I've not been with the internet since it began, by any measure - I'm pretty sure we never had a modem slow enough to be measured in "bauds", for instance. I have been participating online for the majority of my conscious life though, mostly on forums but occasionally IRC channels too (not hacker ones; I've never had much of an interest in the misuse of computers).
I don't remember there being quite so much slang thrown around as easily or as widely as it is now, though. There was always a "lol" here and there (I made a conscious decision to stop using that particular acronym not long after I first encountered it), maybe a rofl or lmao, but there's a bewildering number of shorthand phrases around nowadays.
Okay, that paragraph made me sound (and feel) ridiculously old.

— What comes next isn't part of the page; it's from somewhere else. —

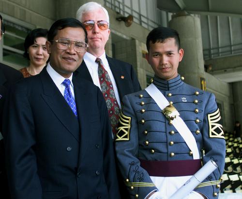 In 1999, Hun Sen stands with his eldest son Hun Manet (right) after graduation ceremonies at the United States Military Academy at West Point.

I'm a bit of a sticker for grammar, but for some reason the acronym shorthand common online isn't half as annoying as txt spk abbreviation or l337 5p34k letter substitution. I suppose it's because an acronym preserves the meaning and order of words, and although they've been cut down to a single letter each I don't have as hard a time deciphering it1.
There's usually enough context in the words or familiar acronyms around jfc for me to figure out wtf it means, but it feels like a barrier designed to keep my fogey brain out of these youngsters' internet. Or maybe I'm just getting paranoid.
1 The trick, I've found, is to work out one of the words from the context and work from there. Also, and "f" is usually pretty obviously profane.